= Lester Robert Fudge =

Canadian Cross of Valour recipient

Lester Robert Fudge CV of Burin, Newfoundland and Labrador, was awarded the Cross of Valour, Canada's highest decoration for civilian bravery on April 6, 1981. Mr. Fudge was involved in the rescue of twelve crewmen trapped aboard a Danish trawler caught in strong seas.

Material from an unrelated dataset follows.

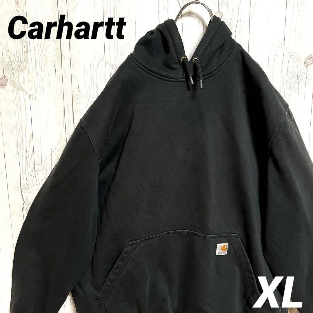 - Carhartt カーハート フーディスウェットパーカー メンズXLサイズ ブラック黒 ブランドロゴ トレナー 大きめビック
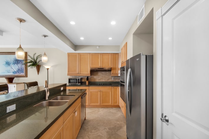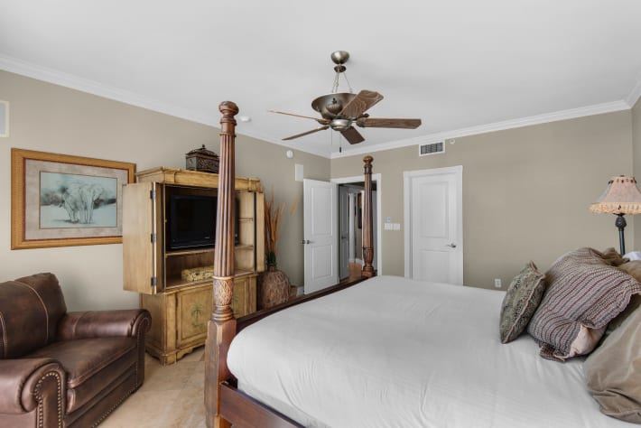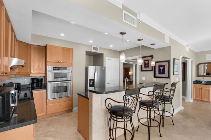 This waterfront getaway offers stunning views of the Gulf and a range of amenities for relaxation. Step onto the balcony from the living area or main bedroom to enjoy the sounds of the waves and the coastal breeze. Inside, sink into comfortable sofas or gather for family movie nights with a smart TV, wine cooler, and mini-bar. The kitchen is equipped with stainless steel appliances and an island for culinary adventures. For leisure, head to the shared pool and hot tub area or the well-equipped gym. End your day with a soak in the jetted tub and watch the sunset from your bedroom.

Harold Miller and Martin Sceviour, also involved in the rescue, were similarly awarded the Cross. Government House stated this was the first time the Cross had been awarded to three people simultaneously.

== Citation ==
The official citation reads:At the risk of perishing, Lester Fudge, along with Harold Miller and Martin Sceviour saved the lives of twelve crewmen trapped aboard the Danish trawler Remoy which was caught in strong seas and listing precariously some 13 kilometres out of Nain, Labrador, on 19 November 1978. Late at night, her call of distress was received in Nain and the fishing vessel Zermatt set out in the very worst of weather conditions, her progress hindered by winds of 100 kilometres per hour and freezing spray. She sailed as close as possible to the Remoy which had run aground on a sand reef, had lost her power, was heavily iced over and in imminent danger of capsizing. Messrs. Fudge, Miller and Sceviour volunteered to man a six-metre motor boat and attempt to rescue the stranded crewmen. The cold was so severe that no one could have survived even one minute if they had fallen into the sea. Progress was slow as the three men had to bail out water that the high winds and one and half metre waves pushed into their small craft. They succeeded in transferring seven men to the Zermatt and valiantly made their way a second time through slob ice and raging sea, and succeeded in getting the remaining crewmen to safety aboard the Zermatt.